BULLS OFF TO ROCKY START

Another team with largely the same core as last year off to a slower start than they would have hoped.

The Bulls still have the trio of DeMar DeRozan, Zach LaVine and Nikola Vucevic, and even though they’re missing Lonzo Ball (knee surgery rehab), the roster is still full of depth at every position. Yet after beating the Heat, the Bulls lost to a Wizards team no one has pegged as a playoff contender on a Bradley Beal game winner, then got blown out by the Cavaliers in a 32-point performance from Donovan Mitchell.

NETS PROCEEDING AS EXPECTED

No one thought Simmons would get back to looking like his old self immediately. And with Joe Harris, Seth Curry and T.J. Warren nursing injuries to start this season, no one thought the Nets would be immediately healthy, either.

In fact, Nash has made it clear on a number of occasions that things would look ugly early as the team incorporates new wrinkles to a recently installed offense and learns how each five-man unit meshes after adding new pieces to the rotation over the summer. The Nets are a work in progress, but that work isn’t nearly as disastrous as the drama over the offseason would have suggested. And in this case, for the Nets, all quiet is all clear.

JAZZ ARE 3-0

Show me the person who bet that the Utah Jazz would win their first three games and I’ll show you a delusional sports fan who just so happens to now be filthy rich.

The Jazz have beaten three legitimate Western Conference contenders: the same New Orleans Pelicans team that beat the Nets by 22; the same Minnesota Timberwolves team that paired Karl-Anthony Towns and Rudy Gobert; and the same Denver Nuggets team led by the reigning league Most Valuable Player Nikola Jokic.

That’s really interesting — given this was a team expected to tank to the heavens after trading star guard Mitchell to Cleveland and sending Gobert to Minnesota in the first place.

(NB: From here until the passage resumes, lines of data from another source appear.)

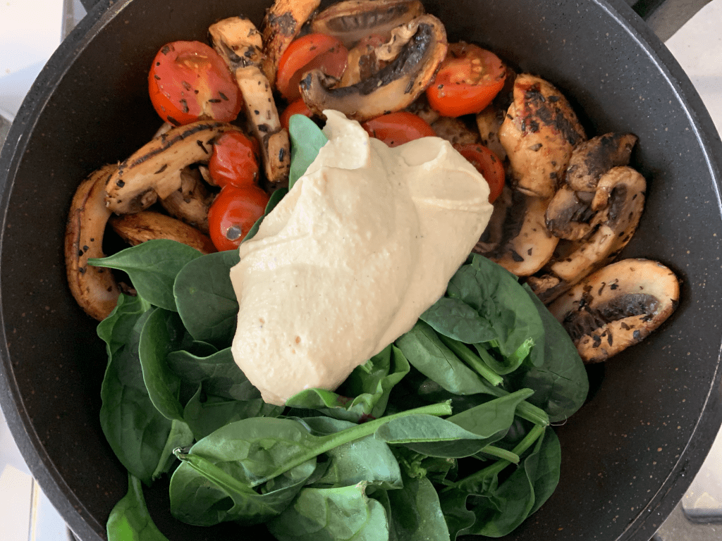 - After about 3 minutes, once the tomatoes have soften and browned a little, turn to a low heat, add a handful of spinach and the 1/3 cup of hummus.
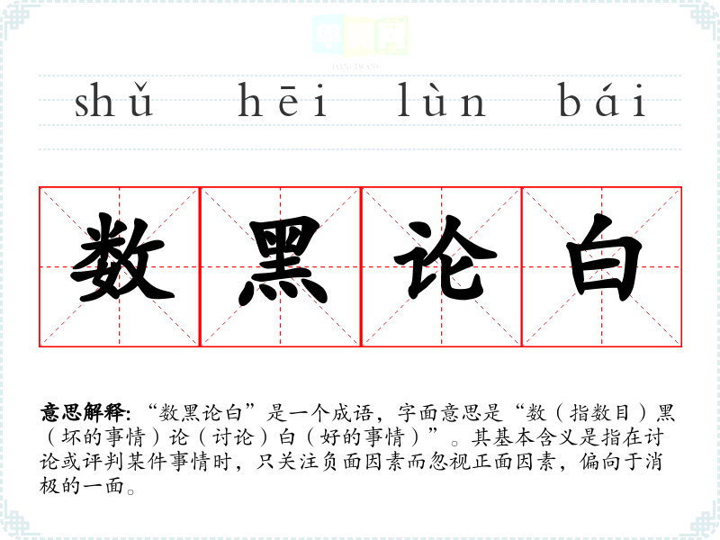 “数黑论白”是一个成语,字面意思是“数(指数目)黑(坏的事情)论(讨论)白(好的事情)”。其基本含义是指在讨论或评判某件事情时,只关注负面因素而忽视正面因素,偏向于消极的一面。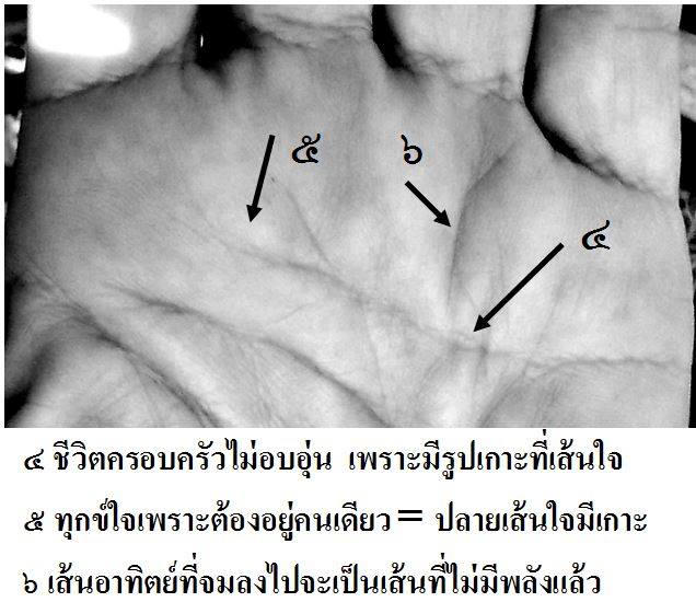 จะเห็นว่าที่เส้นใจตรงใต้เนินอาทิตย์เป็นเส้นที่ชำรุด ได้ขาดเกยกัน ส่วนที่มือซ้ายเป็นเกาะใหญ่ที่เนินแห่งความรักเช่นกัน เป็นการบ่งบอกว่า จะเสียใจช้ำใจกับคนรักที่จากไป ที่ทำนายเช่นนี้เพราะว่า เนินอาทิตย์เนินที่อยู่ตรงใต้นิ้วนาง เป็นเนินที่ใช้ดูถึงเรื่องความรักหรือความสำเร็จสมหวัง เมื่อเส้นใจมาชำรุดที่เนินนี้ก็บ่งถึงเรื่องความรักจะทำให้เสทือนใจอย่างใหญ่หลวง เรียกว่าจิตใจจะทุกข์เศร้ากับเรื่องนี้มากๆ มากจนเส้นใจถึงกับขาดจากกัน มากจนมีรูปเกาะขึ้นมาอยู่ที่เนินแห่งความรัก

Lauri Markkanen and Collin Sexton are trying to prove they’re not just Cleveland’s leftovers, and two seasons after winning the NBA’s Sixth Man of the Year, Jordan Clarkson is showing what he can do as a starter.

The ironic part, of course, is that with every win this unlikely group of undefeated hoopers strings together, the further Danny Ainge gets from being in position to select a generational talent like the 7-3 Wembanyama in this year’s upcoming draft.